REQUIRED WORK
The data below holds the lines to copy: everything from the line containing "交易策略: 在 66.70 之上,看涨,目标价位为 68.25 ,然后为 68.90 。" to the line containing "正方形のこちらの容器はペーパーナフキンがぴったり!", both ends included, set down exactly.

[GIVEN RECORDS — start]

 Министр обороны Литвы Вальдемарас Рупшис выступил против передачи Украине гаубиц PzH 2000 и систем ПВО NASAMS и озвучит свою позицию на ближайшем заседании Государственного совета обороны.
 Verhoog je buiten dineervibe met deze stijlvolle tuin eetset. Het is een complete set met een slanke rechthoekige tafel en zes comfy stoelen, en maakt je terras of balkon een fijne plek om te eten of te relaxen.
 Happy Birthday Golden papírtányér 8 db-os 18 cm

[GIVEN RECORDS — finish]
[GIVEN RECORDS — start]

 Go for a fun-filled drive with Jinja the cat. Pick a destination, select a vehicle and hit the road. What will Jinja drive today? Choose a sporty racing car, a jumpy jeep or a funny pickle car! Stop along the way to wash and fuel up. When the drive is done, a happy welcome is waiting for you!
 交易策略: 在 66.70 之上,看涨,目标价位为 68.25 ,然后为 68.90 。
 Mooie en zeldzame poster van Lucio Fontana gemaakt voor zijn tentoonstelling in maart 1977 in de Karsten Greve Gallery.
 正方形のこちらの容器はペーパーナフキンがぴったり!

[GIVEN RECORDS — finish]

RESULT OF THE EXERCISE
 交易策略: 在 66.70 之上,看涨,目标价位为 68.25 ,然后为 68.90 。
 Mooie en zeldzame poster van Lucio Fontana gemaakt voor zijn tentoonstelling in maart 1977 in de Karsten Greve Gallery.
 正方形のこちらの容器はペーパーナフキンがぴったり!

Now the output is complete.